This story first appeared in The Daily Gazette on 18/11/2020
A new feature film about Virtual Reality, created by a Senior Lecturer at the University of Essex, has been selected for a special screening at a national festival because it reflects how technology could change our lives in the future.
Dr. Eirini Konstantinidou, who teaches Film Studies, said her movie, Mnemophrenia also highlights our renewed appreciation for social connections, following months of loneliness experienced during lockdown.
“It’s a futuristic drama about a new psychosis brought on by people using too much Virtual Reality technology. This obsession leads to users losing their identity and no longer being able to distinguish between real and artificial memories because all their thoughts are blended into one.”
The film, which was completely self-funded for £20,000 and took eight years to complete, was screened at the Being Human Festival on November 17th.
Eirini said: “It explores how society adapts to deal with the growing condition of mnemophrenia and the still advancing technology. We see the story unfold over time, through the eyes of three generations of the same family who are all affected and involved in different ways.”
At first, the characters become increasingly isolated and lose real connections with other people due to their desire to live solely through the eyes of the technology. It draws on similarities to experiences of loneliness during lockdown, when people are regularly stuck in their houses and are forced to mainly talk to each other through screens.

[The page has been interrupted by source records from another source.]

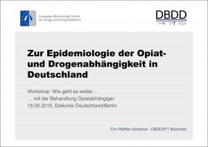 Auf die Grußworte folgte der erste Themenblock mit einführenden Übersichtsreferaten. Dr. Tim Pfeiffer-Gerschel, Geschäftsführer der Deutschen Beobachtungsstelle für Drogen und Drogensucht (DBDD), präsentierte aktuelle Zahlen zum Thema „Epidemiologie der Opiat- und Drogenabhängigkeit in Deutschland“. Die Prävalenz riskanten Opioidkonsums ist schwer zu schätzen. Laut DBDD-Jahresbericht 2014 führen Berechnungen auf der Basis von Zahlen aus Behandlung, Polizeikontakten und Drogentoten zu einer Schätzung der Zahl riskanter Konsumenten von Heroin in Deutschland auf 57.000 bis 182.000. Dies entspricht einer Rate von 1,05 bis 3,4 Personen pro 1.000 Einwohner im Alter von 15 bis 64 Jahren. Legt man der Schätzung nur Behandlungsdaten zugrunde, ist die Prävalenz seit 2005 ansteigend, nach Polizeikontakten und Todesfällen geschätzt ist die Prävalenz sinkend. Die europäischen Daten zeigen Anzeichen eines rückläufigen Heroingebrauchs: weniger neue Klienten, eine alternde Kohorte und ein Rückgang des iv-Konsums.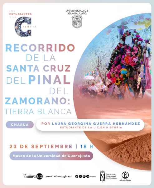 Para continuar las reflexiones sobre el patrimonio del estado, en el Museo de la UG se realizará la charla “Recorrido de la Santa Cruz del Pinal del Zamorano: Tierra Blanca”, a cargo de la estudiante de Historia Laura Georgina Guerra Hernández. El evento será el 23 de septiembre a las 18 horas.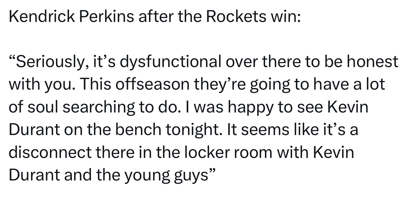 帕金斯表示:“说真的,老实跟你讲,火箭内部已经乱套了。今年休赛期他们得好好自我反省一番。我很高兴今晚看到杜兰特坐在替补席上。看起来,杜兰特和那些年轻球员之间在更衣室里存在着隔阂。”nba季后赛

As the characters descend into crisis, they have to overcome their feelings of loneliness and self-obsession to get through to the other side, where they can feel close ties again with other people. This is achieved by a new type of virtual reality chip being inserted into their heads, which allows them to completely imagine what life is like in somebody else’s body.
The film ultimately asks questions about who we are and where are we going? It imagines our species on the brink of its next evolutionary step.

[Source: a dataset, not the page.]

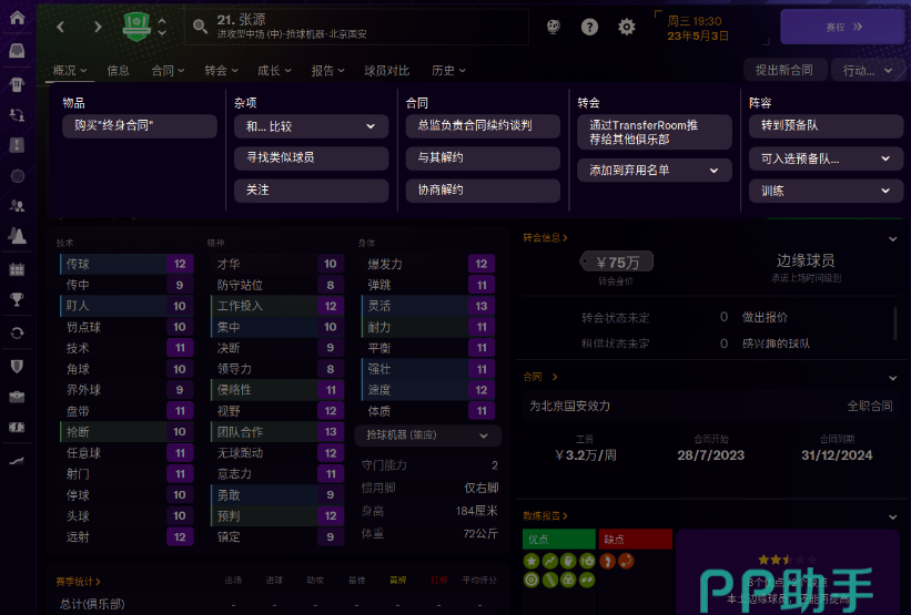 所谓的“妖人”就是比较有潜力的人,这款游戏不光有着众多的真实球员数据,也有很多随机生成的新星球员。这些队员一般都是在二队,年龄在20岁以下,这些角色的潜力值一般可以达到三颗星以上。如果你是玩中超联赛的话,三星评价的球员其实已经很不错了,毕竟这一联赛水平比较拉胯。但如果玩那种影响力比较高的赛区,那么潜力四星以上那才叫“妖人”。

Eirini added: “It offers a glimpse of a technological society that can learn to embrace the different, where empathy can be achieved through technology, and where the merging of biological and digital may lead to a new humankind.”
During the making of the movie, Eirini said it was vital that she interviewed experts in VR, neuroscience and psychology to increase the realism of the movie. She also encouraged the actors to improvise in key scenes to help develop the whole script and dialogue, so the performances could be more natural.
So far, the film has already received praise from around the world, having won the Festival Director’s Commendation award at the 44th Boston Science Fiction Film Festival, when it premiered at the event in February 2019.
“This was a huge honour because the festival is the oldest Science Fiction Film Festival in the US,” added Eirini. “We didn’t actually know we were going to receive an award until the night of the screening. The festival director really liked the movie and surprised us by creating the accolade for us. He wanted to help us boost the film’s profile, which was really nice.”
This recognition helped Eirini find a distributor and the film is now available to stream on Amazon Prime Video, Google Play, YouTube movies and Tubi TV in the US.
Before joining the University of Essex as a lecturer Eirini studied Film Studies at Brunel University, where she closely analysed the history of Science Fiction filmmaking and found inspiration for doing things differently.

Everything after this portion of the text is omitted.